# If you had a portal gun, what would you do with it?



## TheCreeperHugz (Aug 4, 2013)

I  you had a portal gun (from the game Portal, obviously) in real life, what would you do with it? 
I mean, everyone who's played Portal will have, at some point, made an infnite loop with one portal on the ceiling and one on the floor, and jumped in. Would you do that in real life, or would you do more interesting stuff?

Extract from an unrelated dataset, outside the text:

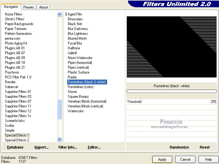 Effects>Plugins>Filters Unlimited 2.0 - Special Effects 1 - Rasterlines (Black & White)

Personally, I would use it to link up my bedroom with my friend's bedroom, so we could have a sleepover whenever we wanted. I'd probably put the portal inside my wardrobe, so that my parents wouldnt see it if they came in.

So, what about you?


----------



## Midoriya (Aug 4, 2013)

I would make one from my house to my school, so that I could always be on time.


----------



## TheUnbornNobodyX (Aug 5, 2013)

I would have one from my bedroom to either Italy or some tropical island. So whenever something has me stressed out of pissed off, I'll go take a mini vacation.


----------



## Jarrad (Aug 5, 2013)

I'd steal some astro naught gear, wear it and then shoot the gun into space. As the travelling portal won't lose momentum, it'll travel forever until it hits a big enough planet/asteroid. When it has, I'll equip the suit and then jump through the portal. With half of my body in the portal, I will be able to travel outer space until my hearts content.


----------



## cwertle (Aug 5, 2013)

I would use it to create an infinite energy source like so:





Then with the money I would make I would have the portal guns technology reproduced and make tons of portal guns. Then I would travel to a bunch of places and leave portals, and then leave the opposite portals in my house. Instant gateways to everywhere!


----------



## TheCreeperHugz (Aug 5, 2013)

cwertle said:


> I would use it to create an infinite energy source like so:
> 
> 
> 
> ...


Now that is an awesome idea xD


----------



## StiX (Aug 5, 2013)

One next to me, one to my fridge. 


oh, and there's a cake in the fridge.


----------



## Littlemyuu (Aug 5, 2013)

I take the bus to spain, go into this store ''Caprabo'' 
put one somehere in the wall...go back put it in my room...
FREE SPAIN TRIPS!


----------



## TheCreeperHugz (Aug 6, 2013)

Littlemyuu said:


> I take the bus to spain, go into this store ''Caprabo''
> put one somehere in the wall...go back put it in my room...
> FREE SPAIN TRIPS!


take the bus to Spain?


----------



## Gingersnap (Aug 6, 2013)

one in my room, one to the fridge
bada bing bada boom


----------



## Trent the Paladin (Aug 6, 2013)

Trap someone in a loop and laugh until I'm bored of the novelty.


----------



## Wish (Aug 6, 2013)

make a portal to my crushes room and watch him sleep


----------



## JimmyJacobAC (Aug 6, 2013)

Put one opening in my girlfriend's closet and one in mine. We're working on getting a place together but for now, that'd be very useful.


----------



## Lurrdoc (Aug 6, 2013)

I would use it to go from Florida to California to see my girlfriend.


----------



## darkzero (Aug 7, 2013)

Nothing. You need a special type of surface (Moon rocks) to use the Portal gun.


----------



## rivulet (Aug 7, 2013)

darkzero said:


> Nothing. You need a special type of surface (Moon rocks) to use the Portal gun.



gee, you're fun.


----------



## TheCreeperHugz (Aug 7, 2013)

darkzero said:


> Nothing. You need a special type of surface (Moon rocks) to use the Portal gun.



Party pooper


----------



## Trent the Paladin (Aug 7, 2013)

darkzero said:


> Nothing. You need a special type of surface (Moon rocks) to use the Portal gun.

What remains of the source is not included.